■ ASSIGNED TASK ■
Beginning at the line containing "Figurbetont geschnittenes Top", repeat each line below exactly up to and including the line containing "Büyükşehir Belediyesi, Yükseköğretim". Do not repeat the pictures.

■ DATA TO USE ■

┏━━

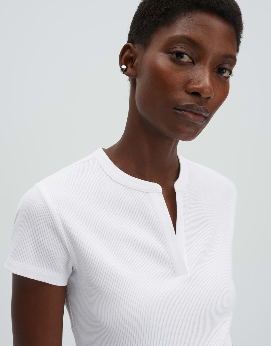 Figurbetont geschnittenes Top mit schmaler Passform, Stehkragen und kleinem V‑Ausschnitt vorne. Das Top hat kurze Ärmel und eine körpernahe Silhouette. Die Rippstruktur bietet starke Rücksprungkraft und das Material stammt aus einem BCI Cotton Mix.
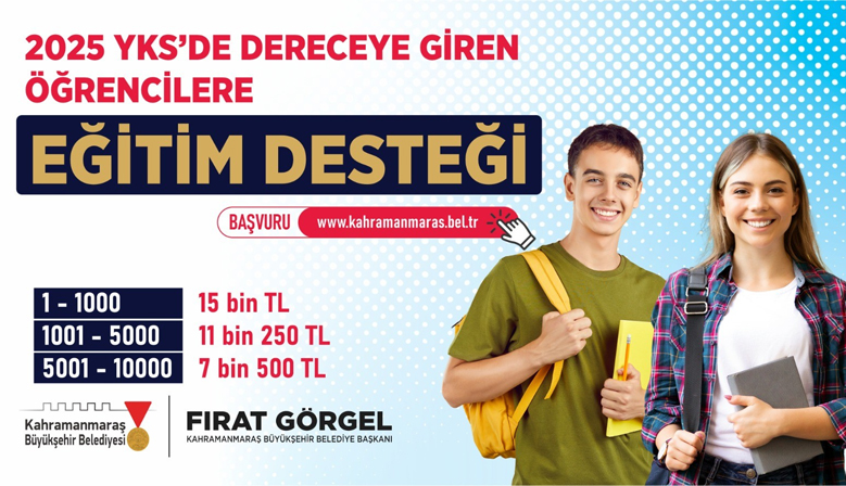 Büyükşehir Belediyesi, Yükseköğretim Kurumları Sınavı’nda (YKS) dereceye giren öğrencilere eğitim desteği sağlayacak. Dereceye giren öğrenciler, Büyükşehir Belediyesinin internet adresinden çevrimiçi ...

┗━━
┏━━

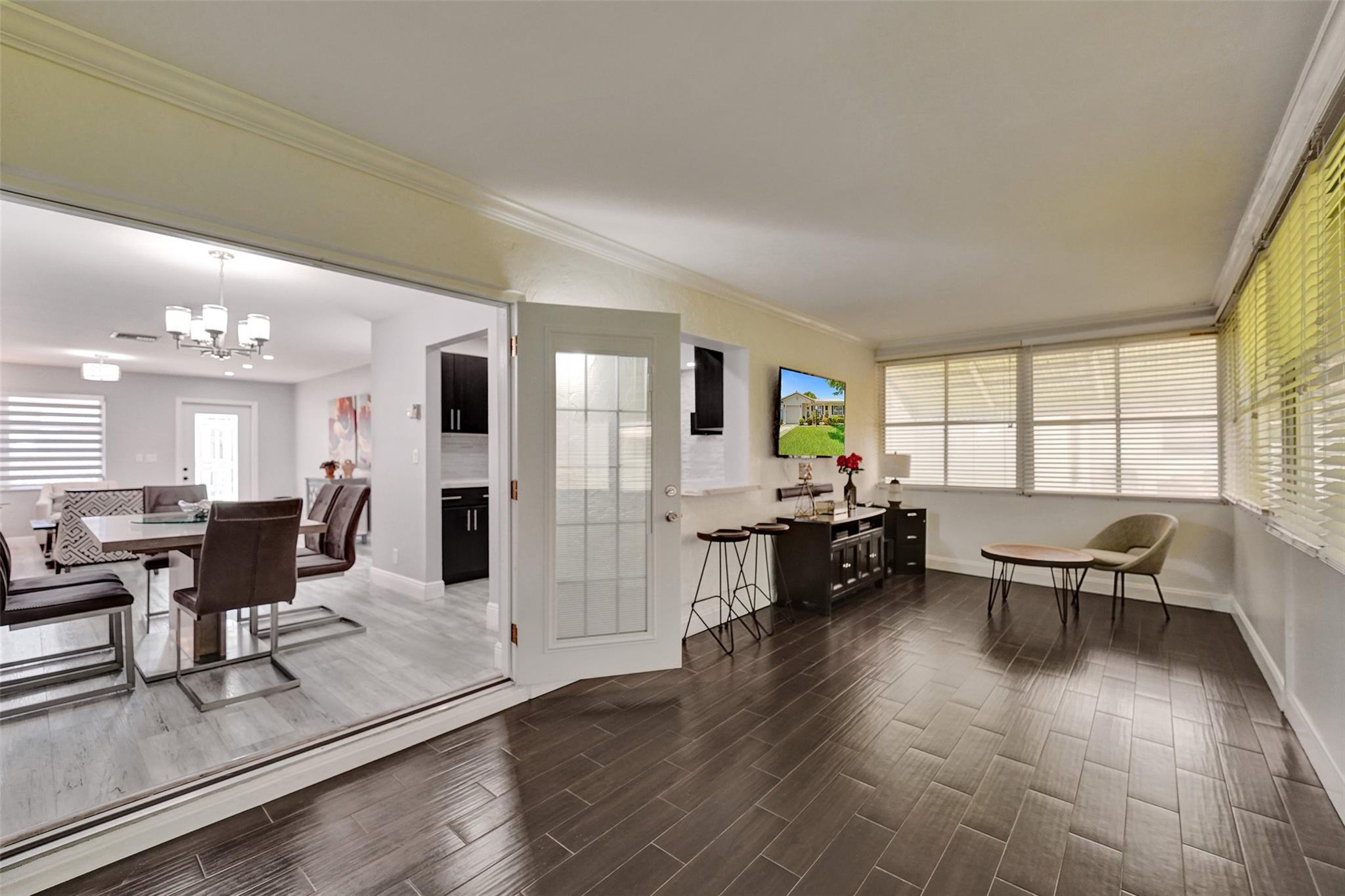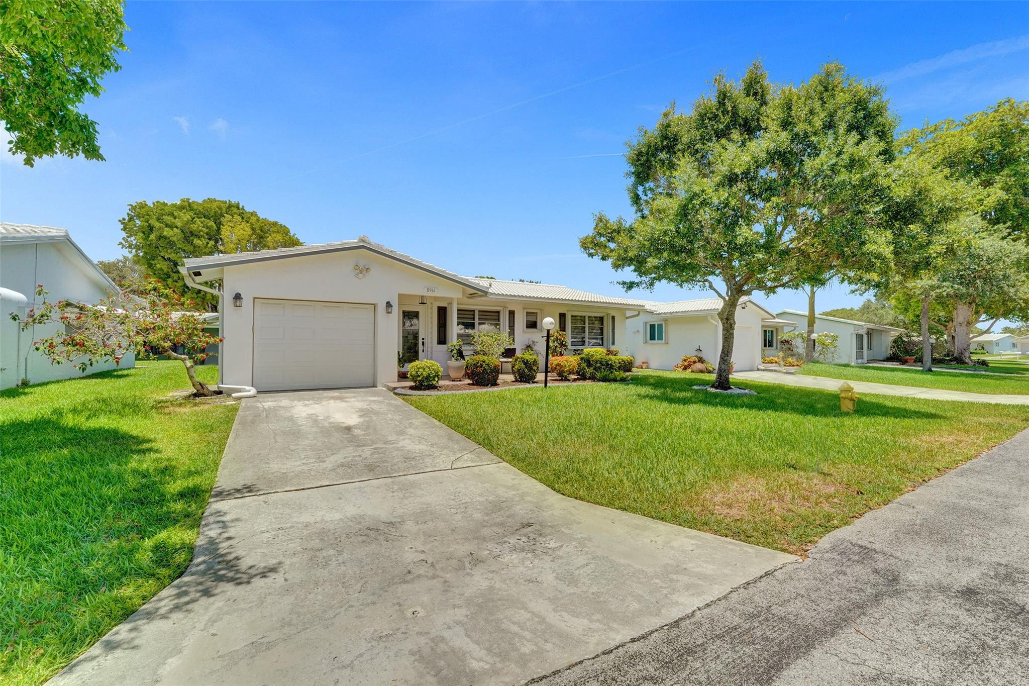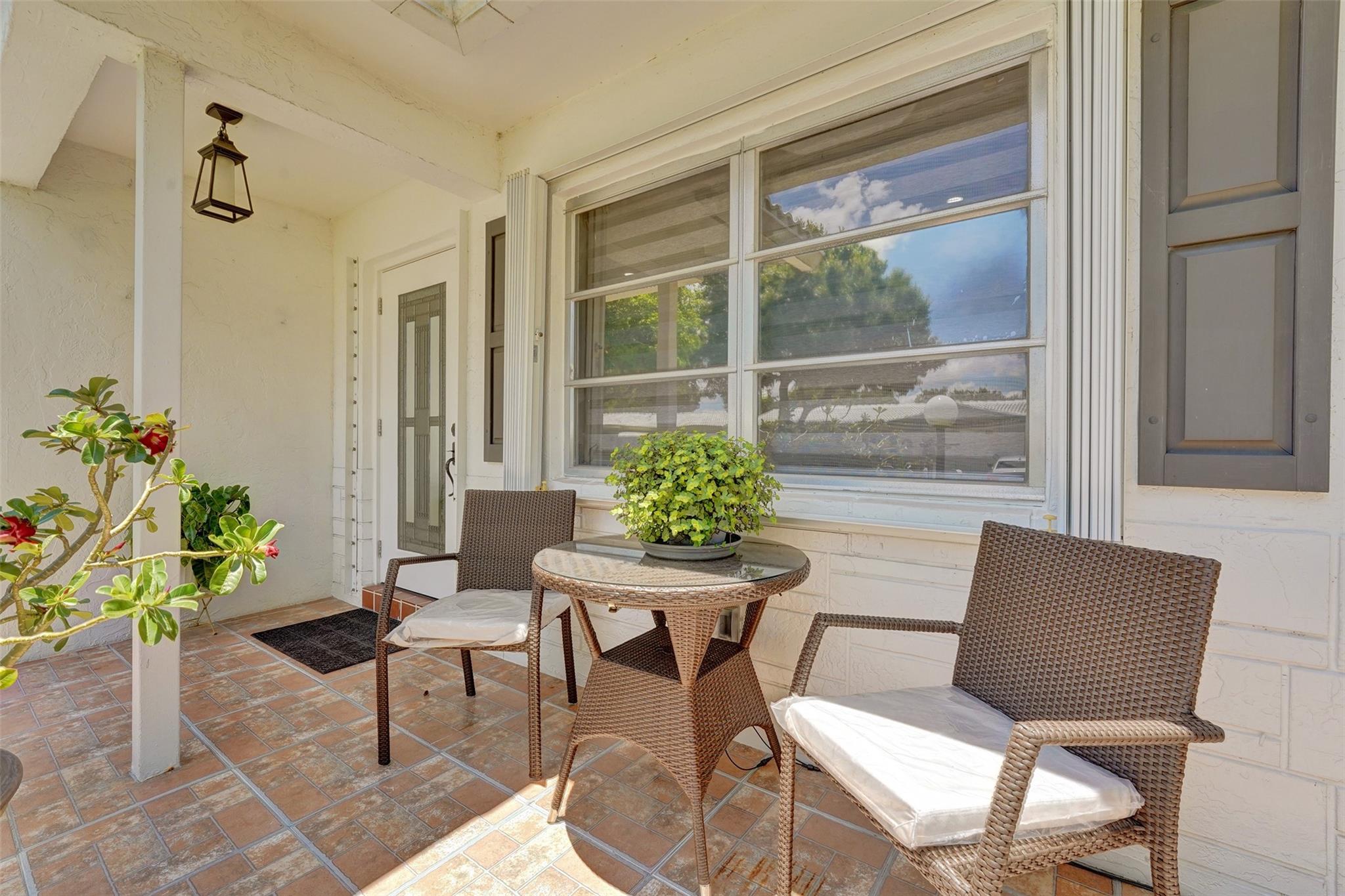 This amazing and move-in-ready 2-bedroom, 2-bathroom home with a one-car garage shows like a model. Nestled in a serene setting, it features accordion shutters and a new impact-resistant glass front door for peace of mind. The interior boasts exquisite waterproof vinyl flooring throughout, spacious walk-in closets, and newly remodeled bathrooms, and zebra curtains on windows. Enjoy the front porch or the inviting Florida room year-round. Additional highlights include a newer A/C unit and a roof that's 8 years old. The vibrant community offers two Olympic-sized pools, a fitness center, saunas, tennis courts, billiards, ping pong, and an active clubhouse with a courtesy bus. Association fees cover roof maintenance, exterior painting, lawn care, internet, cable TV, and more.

┗━━
┏━━

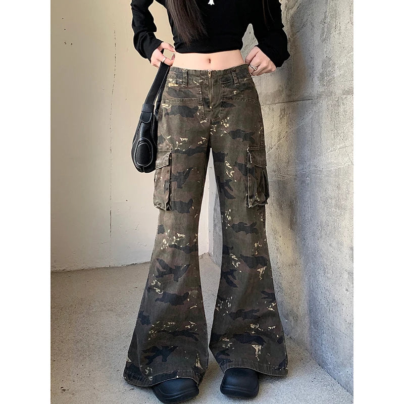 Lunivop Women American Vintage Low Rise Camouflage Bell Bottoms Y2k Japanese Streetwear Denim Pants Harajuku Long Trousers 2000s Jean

┗━━

■ YOUR SOLUTION ■
 Figurbetont geschnittenes Top mit schmaler Passform, Stehkragen und kleinem V‑Ausschnitt vorne. Das Top hat kurze Ärmel und eine körpernahe Silhouette. Die Rippstruktur bietet starke Rücksprungkraft und das Material stammt aus einem BCI Cotton Mix.
 Büyükşehir Belediyesi, Yükseköğretim Kurumları Sınavı’nda (YKS) dereceye giren öğrencilere eğitim desteği sağlayacak. Dereceye giren öğrenciler, Büyükşehir Belediyesinin internet adresinden çevrimiçi ...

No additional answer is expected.